Friday, June 26, 2015

The Master Craftsman of the Psychedelic Poster

Wes Wilson and the Psychedelic Poster


I was just a little guy when Bill Graham had those amazing concerts at the Fillmore West, but I was enthralled by the look of those posters. I stumbled across this cover on my iPad from my one of my unread issues of a recent Rolling Stone (RS, June 4). Wes Wilson is still turning out art at 77 years young, semi retired and living on a farm in southwestern Missouri. Commemorating the 50th anniversary of the surviving members of the Grateful Dead, Rolling stone thought it would be appropriate to have Wilson create this retro masterpiece. He said “ I was a one-man operation” and was always kept busy. There was always a concert at the Fillmore! 



The poster offers people the promise of beauty that is ultimately accessible to all, but the history of the modern poster hardly covers two centuries. The beginning is connected with the invention of the lithograph in 1796 by the Bavarian Alouise Senefelder, and further improvements in this technique created by the development of chromolithography. During the second half of the 19 century, the treatment of colors in the photography was greatly improved in Boston, (the home base to a major school of chromolithography), which began an unprecedented flood of these wonderful colored images spread over in billboards and packaging for the most of the globe. 


The psychedelic posters produced in San Francisco between 1966 and 1968 could be compared to the psychedelic trip itself, an instant reflection of contemporary Western culture, loaded with messages turned and twisted for the movement it represented. The music, the drugs, and alternative lifestyles all played a part, but the undeniable power of these posters demands to be observed.

There is unanimous agreement on the importance of the work by the legendary artists known as the Big Five-Wes Wilson, Victor Moscoso, Rick Griffin, Stanley Mouse and Alten Kelly whose posters were mainly produced for concert promoter Bill Graham at the Filmore Auditorium opened in December 1965 and followed by the Fillmore West in mid 1968, as well as a few hundred other notable San Francisco venues such as the Matrix and the Winterland. 



We also know that the psychedelic posters were almost always hand-lettered and even though the text have been based on existing typefaces of that era, the compositions were truly organic and made much greater use of color contrast that has ever been seen before. It must be assumed then that one would have to have had an LSD experience to produce these vibrating works of art.

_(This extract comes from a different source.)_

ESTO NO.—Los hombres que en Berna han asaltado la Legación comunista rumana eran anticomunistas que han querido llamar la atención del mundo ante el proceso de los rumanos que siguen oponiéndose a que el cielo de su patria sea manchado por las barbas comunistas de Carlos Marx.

Wes Wilson is probably the best known of the big five. His dreamy rock posters helped define the look of the San Francisco rock scene. But it didn’t start that way. His poster produced for the Beatles at candlestick Park in late August 1966 show nothing of the route he would partake in his future work. The text for this poster is highly readable and the passages in his psychedelic concoctions in the future that one would have difficulty reading had yet to be introduced. In his posters of the late 60s and early 70s Wilson uses a softening of the letter forms built up upon asymmetric curves and counter curves. Certainly the influences came from Art Nouveau, but the color sense is a lava lamp of LSD excitement.



Psychedelic rock included phenomenal light shows, with slide projections and strobe lights that were intended to kick in the sensory experience of LSD or mescaline. It is impossible to understand the Utopian vision of the psychedelic era without considering the role of drugs. Timothy Leary’s book The Politics of Ecstasy published in 1968, was well in sync with the findings of Dr. Humphrey Osmond, the author of the studies he made on the use of LSD and mescaline as a treatment for schizophrenia. In an article in Look Magazine in September 1959 none other than Kerry Grant spoke out about a successful treatment with the drug. The posters created in the 60s psychedelic movement with swirls and spirals and clashing complementary colors were a clear reference to LSD participation.

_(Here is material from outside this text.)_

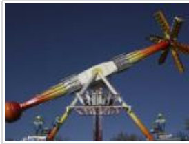
(Hamburger DOM / Hoch Zwei)
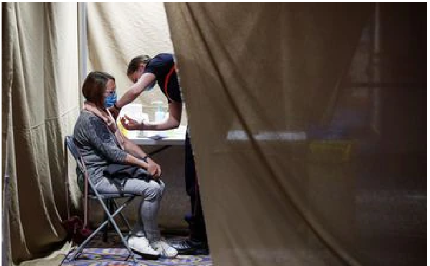
Hérault : les jeunes de 18-25 ans recevront des cadeaux s'ils se font vacciner

The psychedelic movement was quick to disappear and in the spring of 1967. Wes Wilson discontinued his work for Bill Graham (he noted for financial reasons). In October of that year, and anarchist performance group called the Diggers put together a well publicized San Francisco parade to parody a funeral that they entitled “Death of the Hippie Son of Mass Media”. 

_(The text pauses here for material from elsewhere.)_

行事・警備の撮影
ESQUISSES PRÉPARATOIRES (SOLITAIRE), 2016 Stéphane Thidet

The hippie, as well as psychedelic poster art, had died. The organic curvilinear letter forms like the ones seen on the “Are You Experienced” Jimi Hendrix album cover would be replaced by the memorable sparse design done by Richard Hamilton in 1968 for the Beatles White Album.

Were the 60s psychedelic artist-stoned out tripsters or poster design geniuses? Stoned out or not, the big five artists were master craftsman, geniuses of color and composition that provided an invaluable reference to a culture that is still looked upon with enthusiasm by the younger generation of artists today. They did not copy the Masters of the Art Nouveau movement, but brought their own modern sense of originality that reflected the world around them.